Lors de la campagne qui visait à obtenir l’abandon des accusations de corruption contre Zuma, les dirigeants de l’ANC ont dissout l’unité d’élite anti-crime qui avait porté les accusations devant les tribunaux, et ce sans référence au parlement dont c’est pourtant le privilège. L’organe dirigeant de l’ANC a aussi attaqué quotidiennement les médias critiques ou les juges qui se sont prononcés contre lui, en déclarant que la plus haute Cour de Justice d’Afrique du Sud, la Cour Constitutionnelle « n’est pas Dieu ». Les partisans de Zuma ont lancé une campagne afin de purger l’ANC, le gouvernement et les entreprises nationales de tous leurs critiques. Les opposants ont reçu l’étiquette de «Coping» en référence au COPE (The Congress of the People) – même s’ils ne le sont pas -, une formation composée de membres de l’ANC opposés à l’élection de Zuma à la tête du parti. Ils en ont été ainsi exclus.

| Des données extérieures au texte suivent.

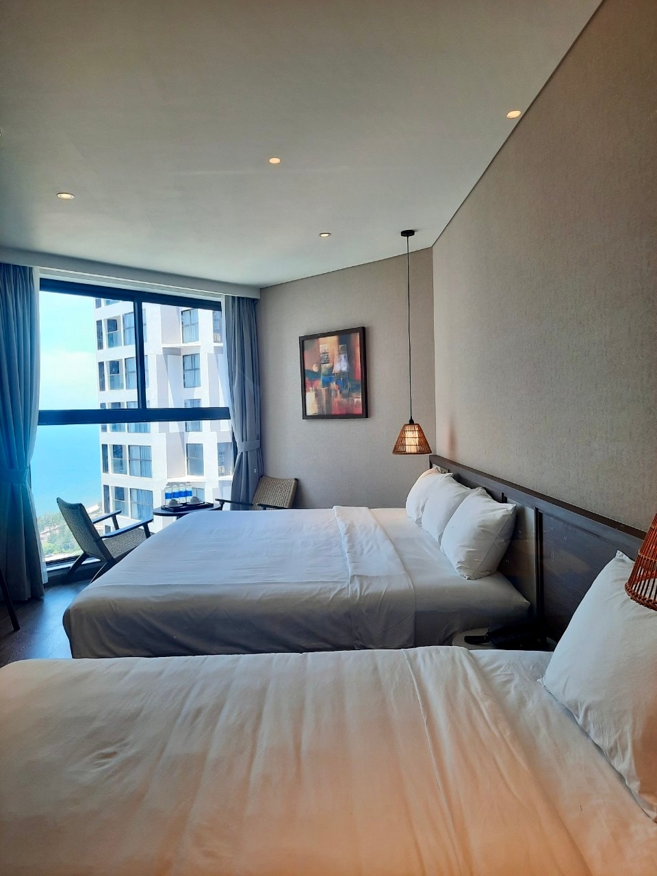 A modern style and freshly renovated large beachfront 2 bedroom apartment in Ocean Vista Phan Thiet with ocean views of the crystal clear water and free parking. Just a few steps to the beach. The apartment features 2 Bedroom 2 full bath. Master bedroom: one king size bed and full bath ( including shower and bathtub), 2nd bedroom with queen size bed + full bath. Fast and free unlimited 300mb WiFi Internet and a 40 inch Samsung LED TV 4K with Netflix HBOGO and TIVO HD service 500 channels.

Zuma et certains de ses partisans ont aussi joué subtilement la carte ethnique, en encourageant des orateurs zoulous à se prononcer en leur faveur sur la base de leur appartenance à une même ethnie, plutôt qu’au vu de leur performance. Pendant l’administration de Mbeki, des intellectuels partisans de ce dernier ont dénoncé les critiques de l’ancien président afin de gagner ses faveurs. Fait alarmant, cette situation se répète maintenant avec Zuma et l’on voit des intellectuels noirs et blancs, qui avaient critiqué les atteintes à la démocratie sous Mbeki, avec pour conséquence leur marginalisation, se rallier à Zuma sans poser de question.
Au cours de sa campagne, Zuma a généré une attente fiévreuse parmi les pauvres. Il a promis beaucoup de politiques et d’institutions nouvelles, mais aucun détail quant à leur contenu ou un calendrier, encore moins le coût de ces programmes.
Les dissidents de l’ANC, qui l’an dernier ont créé COPE, ont ouvert un nouvel espace politique sur une scène totalement dominée par l’ANC depuis 1994. Toutefois, le COPE, comme tous les autres partis, ne s’est pas intéressé aux problèmes des pauvres Noirs dans les communes, les zones rurales ou les bidonvilles, population dont le soutien est pourtant indispensable à qui veut gagner les élections. Ses responsables ont été incapables de contrer le message de Zuma et de l’ANC qui les décrit comme les participants à une cabale montée par les Noirs et les Blancs riches pour s’opposer aux pauvres Noirs.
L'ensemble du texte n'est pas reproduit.